- DESCRIPTION OF THE TASK
Please write out exactly, without any picture, each line from the first in the listing through the line that includes "プラスチック装具の破損で多い".
___ SUPPLIED MATERIAL
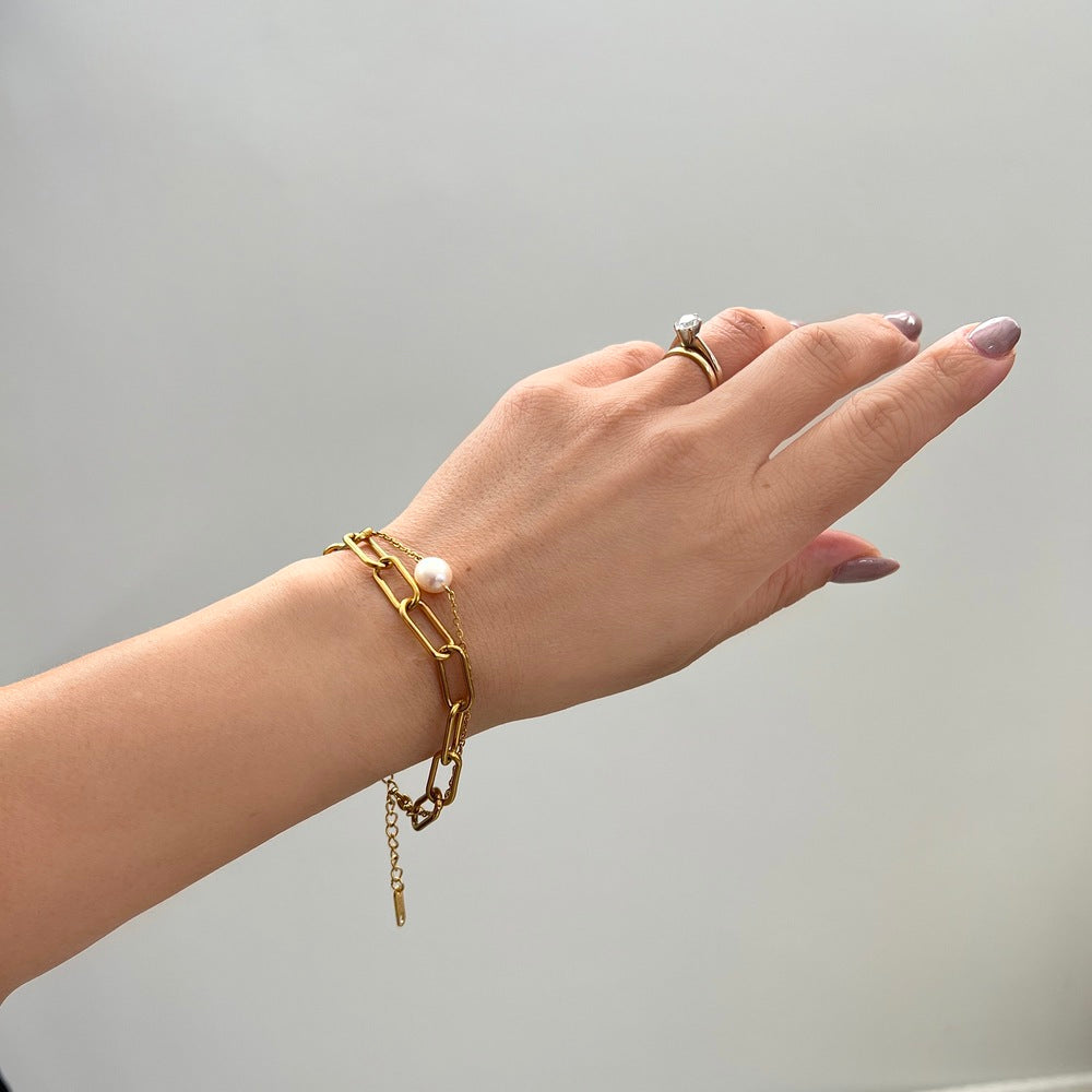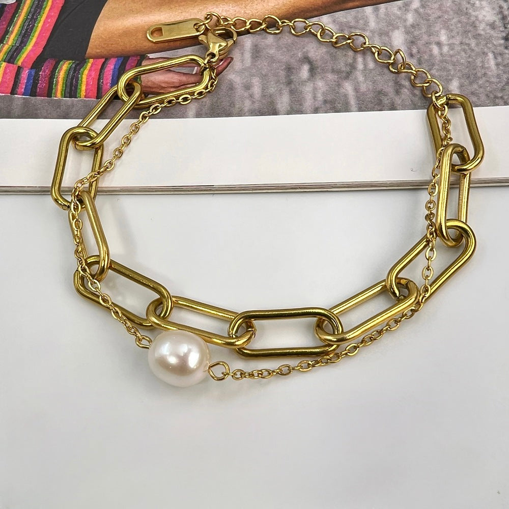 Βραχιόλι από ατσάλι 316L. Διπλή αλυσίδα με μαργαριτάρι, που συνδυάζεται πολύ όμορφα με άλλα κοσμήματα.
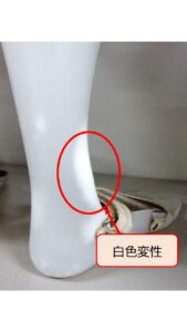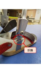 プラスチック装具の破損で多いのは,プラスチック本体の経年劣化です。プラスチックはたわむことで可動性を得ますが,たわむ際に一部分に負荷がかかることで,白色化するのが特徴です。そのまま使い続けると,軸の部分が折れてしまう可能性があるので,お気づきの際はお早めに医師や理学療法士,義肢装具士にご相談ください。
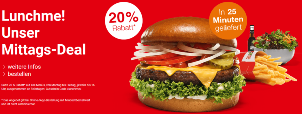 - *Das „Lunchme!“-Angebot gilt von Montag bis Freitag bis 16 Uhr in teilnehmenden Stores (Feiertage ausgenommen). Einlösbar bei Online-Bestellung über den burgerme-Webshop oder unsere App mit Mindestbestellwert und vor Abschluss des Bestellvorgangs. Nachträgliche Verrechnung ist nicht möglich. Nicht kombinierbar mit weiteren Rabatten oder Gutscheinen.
______
- SOLUTION BELOW
 Βραχιόλι από ατσάλι 316L. Διπλή αλυσίδα με μαργαριτάρι, που συνδυάζεται πολύ όμορφα με άλλα κοσμήματα.
 プラスチック装具の破損で多いのは,プラスチック本体の経年劣化です。プラスチックはたわむことで可動性を得ますが,たわむ際に一部分に負荷がかかることで,白色化するのが特徴です。そのまま使い続けると,軸の部分が折れてしまう可能性があるので,お気づきの際はお早めに医師や理学療法士,義肢装具士にご相談ください。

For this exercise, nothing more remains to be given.